Yes, we use a motorised mill and use wax tablets, rather than thin sheets, each tablet makes around 15 sheets of foundation, it takes about two hours to roll enough foundation to make 2000 sheets... and we make between 18,000 to 20,000 sheets a year from our own wax.


----------



## Roland (Dec 14, 2008)

About what is the foot print of the equipment, including the tablet equipment?

Crazy Roland


----------



## jean-marc (Jan 13, 2005)

Pete seems to have a commercial system... 2000 sheets/2 hours. I am wondering how come you purchased your own equipment to make foundation?

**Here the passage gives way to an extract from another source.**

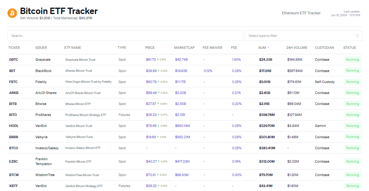 ProShares' Bitcoin ETF, ProShares Bitcoin Strategy ETF (BITO), is the sixth largest BTC ETF offering, with $598.78M in AUM.
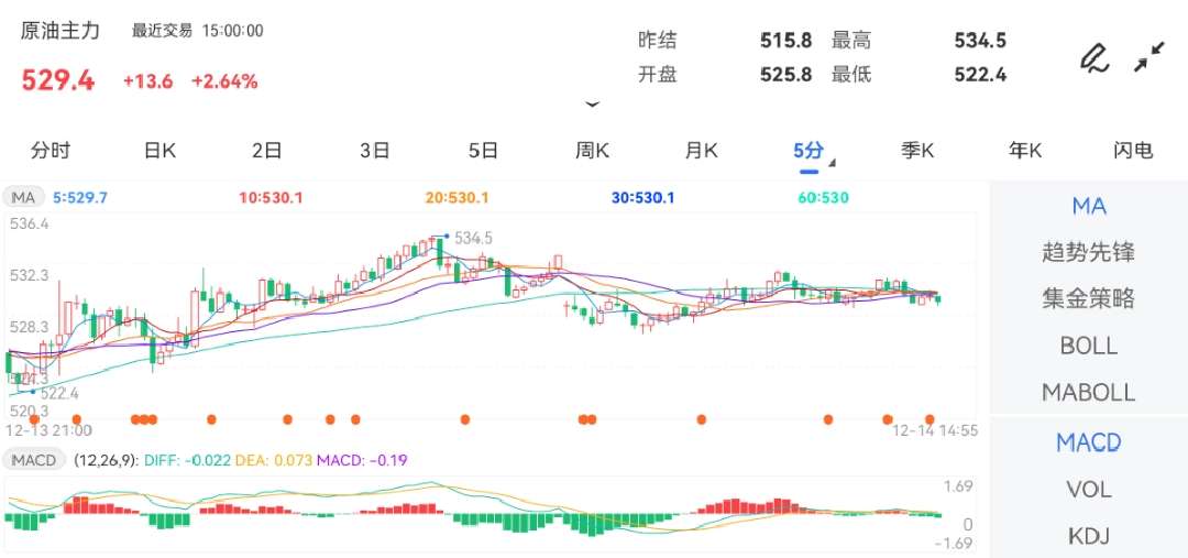 开盘价:525.8!原油期货实时行情走金投网APP行情核心数据显示,截止2022年12月14日下昼15:00收盘,原油期货主力合约行情讯息:最新价:529.4,涨跌:13.6,涨跌幅:2.64%,成交量:170471手,开盘价:525.8,昨收价:527.4,最高价:534.5,最低价:522.4。

It likely makes more financial sense if you make foundation for others.

Jean-Marc


----------



## Roland (Dec 14, 2008)

The key words may be "from our own wax". I am curious what the pesticide levels are in beeswax AFTER it is converted into foundation.

Crazy Roland


----------



## Fusion_power (Jan 14, 2005)

There have been studies on pesticide/miticide residue in wax. They can be found with a quick search on the web. The highest residues come from operations that used off-label pesticides such as paper towels dipped in fluvalinate. Beeswax accumulates significant amounts of pesticide from the environment, i.e. from bees foraging on flowers that have been sprayed.


----------



## Roland (Dec 14, 2008)

True that Fusion power. I am interested in what the levels are AFTER melting and processing. From memory, the studies are from raw comb. 

Crazy Roland


----------